Pasca-diagnosa Ablasio Retina (bagian II)

Pasca-diagnosa Ablasio Retina (bagian II)

Oktober 16, 2017
Sepulang dari dokter mata yang mendiagnosa saya kena Albasio Retina, saya lunglai. Deg-degan. Bingung mau ngapain. Di satu sisi ngga berani googling sendiri, di sisi lain penasaran. Saya ngga berani baca kenyataan yang ada. Akhirnya saya hanya bisa kabari suami. Dan sepertinya suami langsung googling sendiri lalu ikutan degdegan. Dia bilang, 'hmm.. kok serem banget. Kamu cepetan pulang ya.'

Makin deg-degan dong yaa.. Emang segitu seramnya apa?

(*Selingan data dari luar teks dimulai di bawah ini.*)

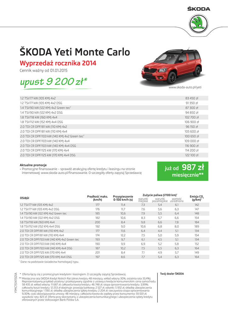 ŠKODA Yeti Monte Carlo Wyprzedaż rocznika 2014 Cennik ważny od 01.01.2015 upust 9 200 zł* www.skoda-auto.pl/yeti 1.2 TSI/77 kW (105 KM) 4x2 83 450 zł 1.2 TSI/77 kW (105 KM) 4x2 DSG 91 350 zł 1.4 TSI/90 kW (122 KM) 4x2 Green tec7 87 300 zł 1.4 TSI/90 kW (122 KM) 4x2 DSG 94 850 zł 1.8 TSI/118 kW (160 KM) 4x4 102 700 zł 1.8 TSI/112 kW (152 KM) 4x4 DSG 106 900 zł 2.0 TDI CR DPF/81 kW (110 KM) 4x2 96 150 zł 2.0 TDI CR DPF/81 kW (110 KM) 4x4 105 600 zł 2.0 TDI CR DPF/103 kW (140 KM) 4x2 Green tec7 100 650 zł 2.0 TDI CR DPF/103 kW (140 KM) 4x4 109 000 zł 2.0 TDI CR DPF/103 kW (140 KM) 4x4 DSG 116 900 zł 2.0 TDI CR DPF/125 kW (170 KM) 4x4 114 200 zł 2.0 TDI CR DPF/125 kW (170 KM) 4x4 DSG 122 100 zł 987 zł Aktualne promocje • Promocyjne finansowanie – sprawdź atrakcyjną ofertę kredytu i leasingu na stronie internetowej: www.skoda-auto.pl/finansowanie. O szczegóły oferty zapytaj Sprzedawcę już od miesięcznie** Zużycie paliwa (l/100 km)* Prędkość maks. (km/h) Przyspieszenie 0-100 km/h (s) 1.2 TSI/77 kW (105 KM) 4x2 177 11,4 7,3 5,4 6,1 1.2 TSI/77 kW (105 KM) 4x2 DSG 176 11,7 7,6 5,6 6,3 147 1.4 TSI/90 kW (122 KM) 4x2 Green tec 185 10,6 7,9 5,5 6,4 148 1.4 TSI/90 kW (122 KM) 4x2 DSG 182 10,6 8,3 5,7 6,6 154 1.8 TSI/118 kW (160 KM) 4x4 200 8,4 9,8 6,6 7,8 184 1.8 TSI/112 kW (152 KM) 4x4 DSG 192 9,0 10,6 6,8 8,0 189 2.0 TDI CR DPF/81 kW (110 KM) 4x2 177 11,6 6,4 4,4 5,1 134 2.0 TDI CR DPF/81 kW (110 KM) 4x4 174 12,2 7,5 5,0 5,9 154 2.0 TDI CR DPF/103 kW (140 KM) 4x2 Green tec 193 9,7 6,1 4,5 5,1 134 2.0 TDI CR DPF/103 kW (140 KM) 4x4 190 9,9 6,9 5,2 5,8 152 2.0 TDI CR DPF/103 kW (140 KM) 4x4 DSG 187 10,2 7,5 5,5 6,3 164 2.0 TDI CR DPF/125 kW (170 KM) 4x4 201 8,4 7,1 4,9 5,7 149 2.0 TDI CR DPF/125 kW (170 KM) 4x4 DSG 197 8,6 7,7 5,4 6,3 164 OSIĄGI warunki miejskie warunki wartość pozamiejskie uśredniona Dane na podstawie świadectw homologacji typu. Y1MC15141501A * * Oferta łączy się z promocyjnym kredytem i leasingiem. O szczegóły zapytaj Sprzedawcę. ** Miesięczna rata SKODA Kredyt Niskich Rat (okres kredytu 48 miesięcy, wkład własny 30%, ostatnia rata 33,4%). Reprezentatywny przykład ustalony i przekazywany zgodnie z ustawą o kredycie konsumenckim: cena samochodu: 58 435 zł; wkład własny: 11 687 zł; całkowita kwota kredytu: 46 748 zł; stopa oprocentowania kredytu: 3,99%; całkowity koszt kredytu: 12 253 zł obejmuje: prowizję bankową: 2 527 zł, odsetki: 5 932 zł, składkę ubezpieczenia komunikacyjnego: 1 590 zł, składkę ubezpieczenia spłaty kredytu: 2 204 zł; rzeczywista stopa oprocentowania 9,30%; czas obowiązywania umowy: 48 miesięcy; całkowita kwota do zapłaty przez konsumenta: 59 001 zł; wysokość raty: 823 zł. Oferta przy skorzystaniu z ubezpieczenia komunikacyjnego i ubezpieczenia spłaty kredytu oferowanych przez Volkswagen Bank Polska S.A. Twój dealer ŠKODA Emisja CO2 (g/km)1 142 ŠKODA Yeti Monte Carlo WYBRANE ELEMENTY WYPOSAŻENIA STANDARDOWEGO PODRÓŻUJ BEZPIECZNIE • Poduszka powietrzna dla kierowcy i pasażera • Boczne poduszki powietrzne z przodu • Kurtyny powietrzne • Poduszka chroniąca kolana kierowcy • ESP (z ABS, EBV, MSR, ASR, EDS, HBA, DSR) • TPM – funkcja kontroli ciśnienia w oponach PO PIERWSZE FUNKCJONALNOŚĆ • Przednie światła przeciwmgłowe z elementami w kolorze czarnym • Elektromechaniczne wspomaganie kierownicy • Halogenowe reflektory przednie z elementami w kolorze czarnym • Tylne światła w technologii LED • Światła do jazdy dziennej • Wyświetlacz Maxi DOT z komputerem pokładowym • Konsola środkowa z podłokietnikiem Jumbo Box • Schowek na okulary • Uchwyt na kwity parkingowe • VarioFlex z funkcją stolika • Latarka w bagażniku • Zestaw siatek • Relingi dachowe – czarne PODRÓŻUJ KOMFORTOWO • Zdalnie sterowany centralny zamek (2 składane kluczyki) • Czujnik parkowania z tyłu • Trójramienna skórzana sportowa kierownica wielofunkcyjna z przeszyciami w kolorze czerwonym (pakiet skórzany, obsługa: radio, GSM) • Climatronic - dwustrefowa, automatyczna klimatyzacja • Sportowe fotele kierowcy i pasażera z przodu regulowane na wysokość • Elektrycznie sterowane szyby z przodu i z tyłu • Elektrycznie sterowane, podgrzewane, składane lusterka boczne z oświetleniem wokół drzwi AUDIO I KOMUNIKACJA • Radioodtwarzacz BOLERO (Bluetooth, USB, MP3) • Gniazdo AUX IN • Dodatkowe 4 głośniki z tyłu STYLISTYKA • SUNSET – tylne szyby o wyższym stopniu przyciemnienia • Obręcze kół ze stopu metali lekkich ORIGAMI 7J x 17” w kolorze czarnym • Zestaw naprawczy do kół • Dach, relingi, osłony lusterek zewnętrznych, spojler na zderzaku z przodu, dyfuzor z tyłu, ramka grilla oraz progi drzwi w kolorze czarnym • Klamki drzwi w kolorze nadwozia • Zderzaki w kolorze nadwozia • Listwy boczne w kolorze nadwozia • Oznaczenie Monte Carlo na błotnikach z przodu • Ochronne listwy na progi drzwi z oznaczeniem Monte Carlo • Ozdobna końcówka układu wydechowego • Tapicerka SPORT (kierownica, mieszek gałki zmiany biegów oraz dźwignia hamulca ręcznego z przeszyciami w kolorze czerwonym) • Deska rozdzielcza w kolorze czarnym z dekorem na wzór karbonu • Dywaniki z przeszyciami w kolorze czerwonym • Stalowe nakładki na pedały WYBRANE ELEMENTY WYPOSAŻENIA OPCJONALNEGO PODRÓŻUJ BEZPIECZNIE • Boczne poduszki powietrzne z tyłu z kurtynami powietrznymi . . 1 300 • Uchwyty ISOFIX na fotelu pasażera z przodu. . . . . . . . . . . . . . . . . . 150 • Offroad – tryb wspomagania jazdy w trudnym terenie (tylko dla 4x4). . . . . . . . . . . . . . . . . . . . . . . . . . . . . . . . . . . . . . . . . . . . . . . . 350 • HHC – funkcja wspomagania ruszania pod wzniesienia dla systemu ESP1. . . . . . . . . . . . . . . . . . . . . . . . . . . . . . . . . . . . . . . . . . . . . . . .600 • Alarm z funkcją monitoringu wnętrza i czujnikiem przechyłu + niezależna syrena. . . . . . . . . . . . . . . . . .

Baca juga: Dokter bilang saya ablasio retina

Sesampainya di rumah, suami langsung memeluk saya. Saya pun memberanikan diri untuk googling tentang Ablasio Retina. Wah ternyata seram beneran. Ablasio retina itu adalah retinanya copot. Apaa?? Copot banget siss? Langsung saya bayangin retina itu ada di mana dan kenapa bisa copot.

Kira-kira bisa dilihat pada gambar di bawah ini. Retina itu bagian saraf mata yang adanya di bagian belakang mata. Lalu retina bisa copot ke bagian dalam seperti yang kelihatan di gambar di bawah. Kalau saya, retina yang copot ada di bagian pojok kanan mata kiri.
Image result for ablatio retinae
Sumber gambar : Mayo Clinic

Sejujurnya, saya ngga inget banget sih kapan si retina ini copot dan kapan mata saya berasa agak aneh. Jadi kalau ditanya penyebabnya, saya juga ngga yakin. Ada kemungkinan karena kejedot waktu di angkot, tapi saya ngga yakin juga. 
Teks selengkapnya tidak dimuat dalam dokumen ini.